İLERİ SÜRÜLEN İSTİNAF SEBEPLERİ : Davalı vekili istinaf başvuru dilekçesinde, dava konusu kartuşların, davacının Türkiye ….. satın alınarak, dava dışı ….. satıldığını, müvekkilinin davacının yetkili distribütöründen satın almış olduğu ürünleri kar payını da katarak, olduğu gibi…..sattığını, müvekkilinin tedarik ettiği ürünlerin, tedarik edildiği kutu ve ambalajları ile müşterilere gönderildiğini, ayrıca müvekkil tarafından herhangi bir kutulama, ambalajlama veya etiketleme yapılmadığını, dava konusu tonerlerin akıtma olayının tek başına kartuşun dolum kartuş olduğu veya orijinal ürün olmadığı anlamına gelmeyeceğini, kartuşlardaki akıtmanın cihazdaki durum ünitesinin yıpranması sebebiyle toneri tutmaması veya cihaz içine yerleştirirken tonerin cihaz içerisine dökülmesi veya saklama koşulları, nem, ısı onamları, dış darbe ve son kullanma tarihinin geçmiş olması veya toner statik merdanesinin kenar keçeliklerinin sağlıklı olmaması veya bıçağın sorunlu olması nedeniyle de meydana gelebildiğini, bu nedenle mahkemece görüşüne başvurulan raporun hükme esas alınamayacağını, ayrıca dava konusu olayla ilgili davacı tarafından Ankara Cumhuriyet Başsavcılığına suç duyurusunda bulunulmasının ardından yapılan soruşturma kapsamında savcılık tarafından yapılan bilirkişi incelemesinde; ……” marka tonerin orijinal ürün olduğu ve bu ürünlerin iltibas ve iktibas suretiyle müşteki adına tescilli markalardan doğan haklara tecavüz edilmediğinin” tespit edildiğini, bu nedenle kovuşturmaya yer olmadığına karar verildiğini, müvekkili şirketin davacıya ait marka hakkına tecavüzünün veya haksız rekabetinin olmadığının, ceza mahkemesi kararı ve hükme esas alınmayan bilirkişi raporları ile sabit olduğu olayda, yerel mahkemece verilen kararın hatalı bulunduğunu ileri sürerek, yerel mahkemenin kararının istinaf incelemesi yapılarak kaldırılmasını ve davanın reddine karar verilmesini istemiştir.
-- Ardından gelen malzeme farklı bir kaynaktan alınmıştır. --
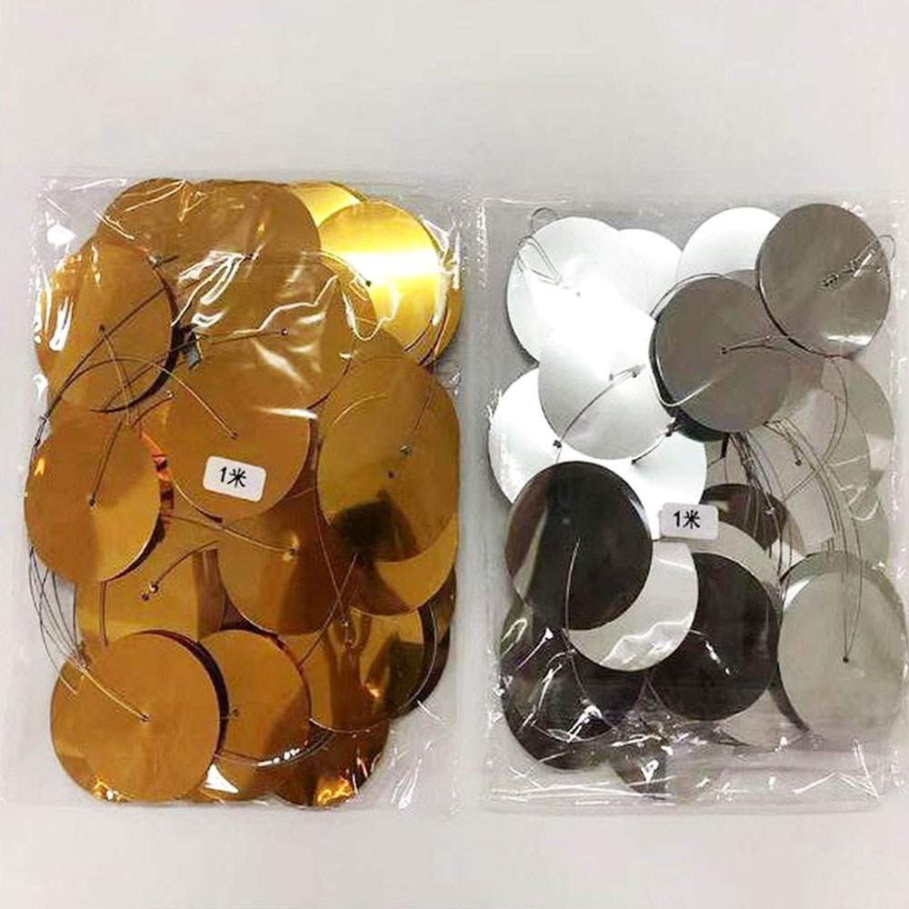 Декоративная гирлянда "Кружочки" на проволоке, представляет собой набор круглых пайеток, расположенных на проволоке.
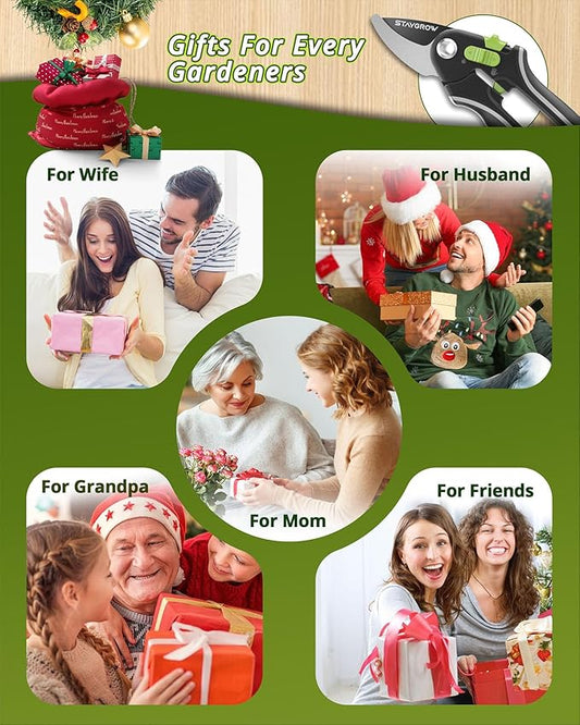 Pruning Shears for Gardening - 8.5" SK5 Garden Shears Cuts 10000+ Times Staying Sharp - Garden Scissors with One-handed Unlocking & Adjustable Handle- Garden Clippers Gardening Tools for Men Women
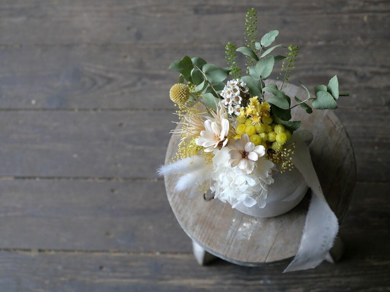 母の日用ドライフラワーのミニブーケです。花瓶もセットの商品です。

GEREKÇE : Dava, marka hakkına tecavüz ve haksız rekabetin tespiti, önlenmesi, sonuçlarının ortadan kaldırılması, imha istemine ilişkindir.
İnceleme, 6100 sayılı HMK’nın 355. madde hükmü uyarınca istinaf dilekçesinde belirtilen sebeplerle sınırlı olarak ve kamu düzenine aykırı hususların olup olmadığı gözetilerek yapılmıştır.
Dosya kapsamı, mevcut delil durumu ve ileri sürülen istinaf sebepleri dikkate alındığında mahkemenin vakıa ve hukuki değerlendirmesinde usul ve esas yönünden yasaya aykırılık bulunmadığı ve mahkemenin davalının Altınordu Belediyesi’ne sattığı dava konusu tonerlerin sahte olduğunun tespitinin, sadece tonerlerin akıtma olayına dayanmadığı, tam tersine taraf vekillerinin beraberinde getirdikleri uzmanlara sorular yöneltilmek suretiyle yapılan inceleme sonucunda düzenlenen bilirkişi heyet raporu ile davalının ürün kutularının kapak altlarının sıcak silikonla yapıştırılması, tonerin muhafazası için kağıt veya strafor yastıklar yerine havalı yastık kullanılması, orijinal kutuların renklerine göre ton farklılıklarının bulunması, yabancı kelimelerin yazımlarındaki imla hataları, ölçü farklılıkları, matbaa baskı kalitesi düşüklüğü gibi verilere dayandığı, bu şekilde sahteliği tespit edilen tonerler üzerinde, davacının “….. markasının kullanılmış olması karşısında, olayda marka hakkının ihlalinin bulunduğu gibi, davalının eyleminin TTK.’nın 55/1-a ve 55/4. maddeleri uyarınca haksız rekabet de teşkil ettiği, aynı bilirkişi raporunda, Ankara Cumhuriyet Başsavcılığınca suç duyurusunda bulunulmasının ardından yapılan soruşturma kapsamında alınan bilirkişi raporunda, ürünlerin orijinal olduğuna dair yapılan tespit ile oluşan çelişkinin, Ankara Cumhuriyet Başsavcılığınca alınan raporda hologram, kutu içindeki ve dışındaki ambalajlar, ürün kodları, ambalajlar üzerindeki yazılar, renkler, ambalajların yapıştırılma biçimleri gibi tüm faktörlerin dikkate alınarak bir değerlendirme içermemesinden kaynaklandığının bildirildiği, davalının dava konusu sahte ürünlerin davacının …..A.Ş.’den satın alındığına dair savunmasını ispatlayan hiçbir delilin ise bulunmadığı anlaşılmakla, davalı vekilinin istinaf başvurusunun esas yönünden reddine dair hüküm kurmak gerekmiştir.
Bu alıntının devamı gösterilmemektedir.